> [ENTRIES PROVIDED]
#####

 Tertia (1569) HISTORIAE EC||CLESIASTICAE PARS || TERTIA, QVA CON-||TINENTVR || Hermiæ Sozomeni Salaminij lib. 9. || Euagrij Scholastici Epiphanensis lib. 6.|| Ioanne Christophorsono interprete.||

#####

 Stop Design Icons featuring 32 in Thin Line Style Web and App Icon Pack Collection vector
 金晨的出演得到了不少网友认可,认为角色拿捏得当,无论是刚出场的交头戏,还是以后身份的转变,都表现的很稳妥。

#####

> [TASK PROMPT]
Reprint exactly the lines above that start at the one with "Stop Design Icons" and end at the one with "金晨的出演得到了不少网友认可", keeping both and adding none.

> [REPLY]
 Stop Design Icons featuring 32 in Thin Line Style Web and App Icon Pack Collection vector
 金晨的出演得到了不少网友认可,认为角色拿捏得当,无论是刚出场的交头戏,还是以后身份的转变,都表现的很稳妥。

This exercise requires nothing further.